Al banalizar el deseo, la afectividad se vuelve exigente porque es necesidad y se pierde la gratuidad que es la esencia de toda relación. Aquí la visión cristiana puede aportar su sabiduría: para amar al otro, es imprescindible amarse a sí mismo, no como Narciso, sino como Dios nos ama, incondicionalmente. Como en tantas otras facetas, el Espíritu nos invita a cambiar de paradigma: pasar de una cultura onanista centrada en la perfección, que ha perdido de vista el desorden y la vulnerabilidad del deseo, a reconocer que somos pobres y estamos heridos. Mayo del 68 había establecido una férrea dictadura cultural a la que hay que contestar diciendo que reservarse es perder, y donarse es ganar. Frente a un mundo policial, hiperlegalista y fariseo, otro donde la misericordia y el servicio tejen comunidad y compromiso. El matrimonio es una vocación hermosísima: porque se trata de un aprendizaje, un proyecto común dinámico en el tiempo, una tarea con una meta, pero sin caminos trillados. El matrimonio requiere un continuo anatema con el dinero, con los afectos externos, y con los proyectos que excluyan al otro. Tantas veces la relación misma no es más que un castillo narcisista con expectativas y exigencias de adoración, donde el otro, es un competidor narcisista que no ha sabido apreciar mi divinidad. 
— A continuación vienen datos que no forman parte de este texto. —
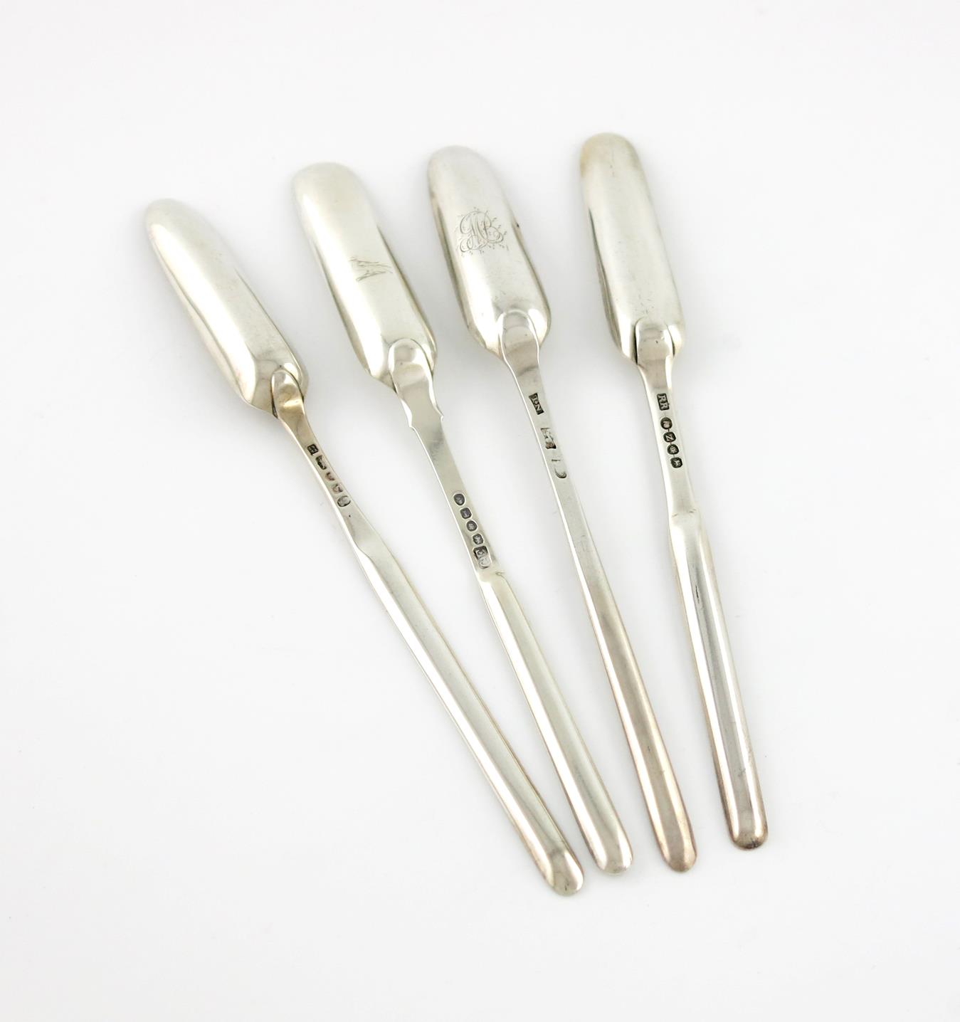 comprising: one by Peter and Ann Bateman, London 1793, plus one with Bright-cut decoration, date letter worn, plus two of conventional form, London 1808 and 1814, one with a crest and one initialled, approx. total weight 5.4oz. (4)

En definitiva, me focalizo más en la rivalidad que en el otro. La obsesión por conseguir la igualdad no es fecunda, la comunión sí. Del amor romántico de estar al lado, al amor real de estar en frente, de confrontar, diciendo al otro y mirando al otro como Dios lo hace. Así aletea el Espíritu sobre el caos informe, y lo recrea. Amar esa fragilidad es ya el cielo. ¡Preciosa vocación!